◆ GIVEN INFORMATION
╔══
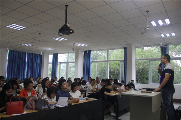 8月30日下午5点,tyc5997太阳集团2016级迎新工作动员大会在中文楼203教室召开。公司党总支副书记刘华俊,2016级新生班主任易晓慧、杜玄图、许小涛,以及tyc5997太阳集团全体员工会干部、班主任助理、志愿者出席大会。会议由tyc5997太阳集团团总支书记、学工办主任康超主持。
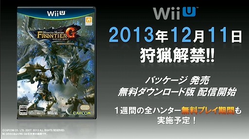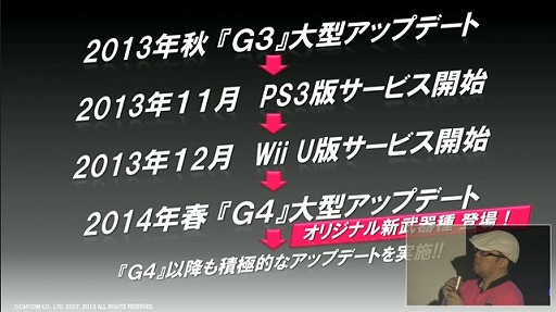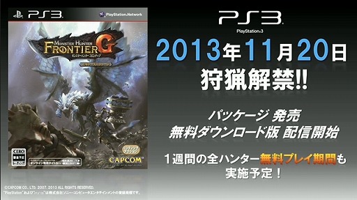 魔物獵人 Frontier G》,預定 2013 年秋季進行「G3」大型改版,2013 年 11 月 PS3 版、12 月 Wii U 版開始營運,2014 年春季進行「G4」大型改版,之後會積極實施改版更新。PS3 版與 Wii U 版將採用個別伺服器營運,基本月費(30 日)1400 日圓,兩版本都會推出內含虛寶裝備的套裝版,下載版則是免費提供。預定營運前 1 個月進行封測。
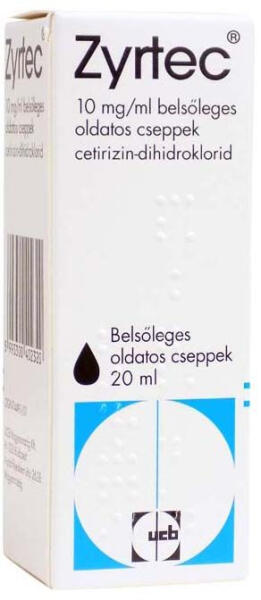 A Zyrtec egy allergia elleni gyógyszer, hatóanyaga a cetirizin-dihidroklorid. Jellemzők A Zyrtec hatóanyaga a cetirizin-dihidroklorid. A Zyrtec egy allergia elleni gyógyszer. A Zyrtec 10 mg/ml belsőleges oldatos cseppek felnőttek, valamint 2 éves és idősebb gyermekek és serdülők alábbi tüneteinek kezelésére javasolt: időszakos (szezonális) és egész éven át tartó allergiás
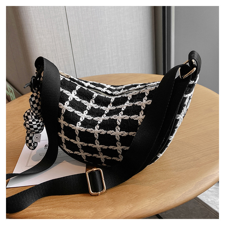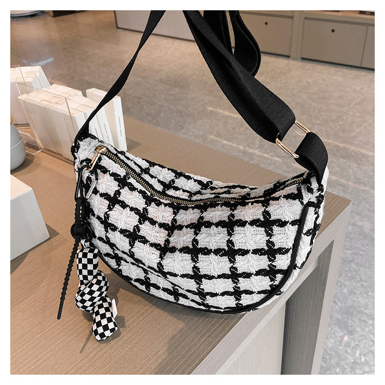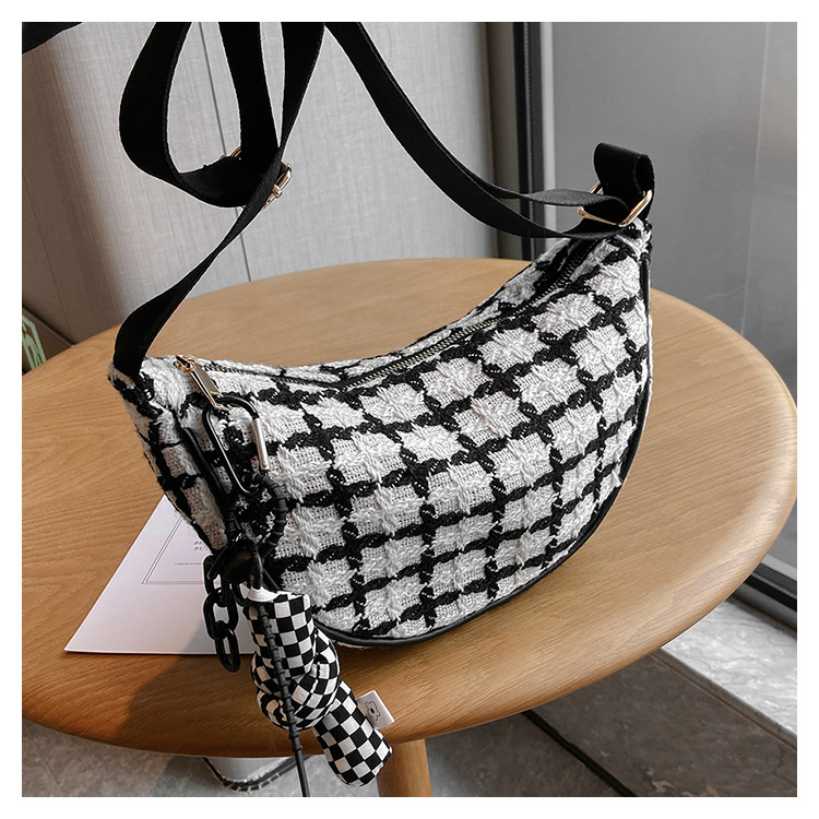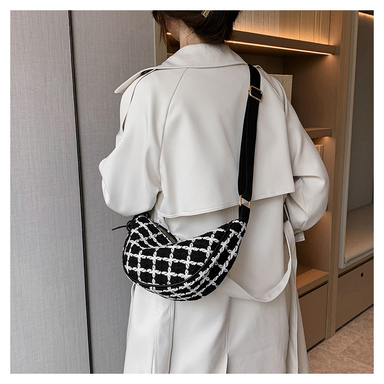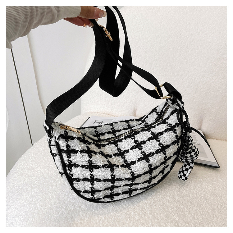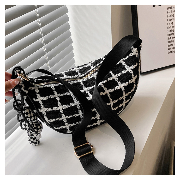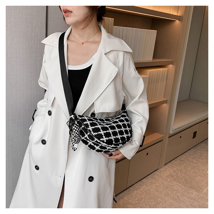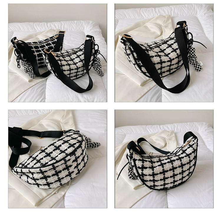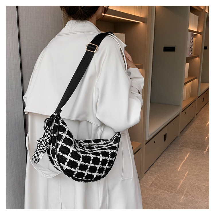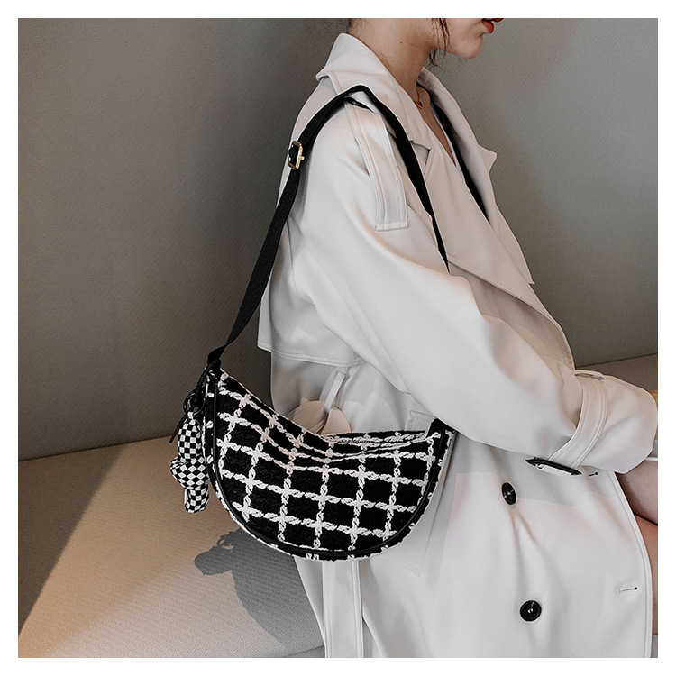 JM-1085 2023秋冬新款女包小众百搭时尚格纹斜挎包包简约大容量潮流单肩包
╚══
◆ WHAT IS BEING ASKED
Nothing should appear in the answer except the lines from the one containing "魔物獵人 Frontier G》,預定" through the last line of the listing, given again exactly and with no pictures.

◆ YOUR RESPONSE
 魔物獵人 Frontier G》,預定 2013 年秋季進行「G3」大型改版,2013 年 11 月 PS3 版、12 月 Wii U 版開始營運,2014 年春季進行「G4」大型改版,之後會積極實施改版更新。PS3 版與 Wii U 版將採用個別伺服器營運,基本月費(30 日)1400 日圓,兩版本都會推出內含虛寶裝備的套裝版,下載版則是免費提供。預定營運前 1 個月進行封測。
 A Zyrtec egy allergia elleni gyógyszer, hatóanyaga a cetirizin-dihidroklorid. Jellemzők A Zyrtec hatóanyaga a cetirizin-dihidroklorid. A Zyrtec egy allergia elleni gyógyszer. A Zyrtec 10 mg/ml belsőleges oldatos cseppek felnőttek, valamint 2 éves és idősebb gyermekek és serdülők alábbi tüneteinek kezelésére javasolt: időszakos (szezonális) és egész éven át tartó allergiás
 JM-1085 2023秋冬新款女包小众百搭时尚格纹斜挎包包简约大容量潮流单肩包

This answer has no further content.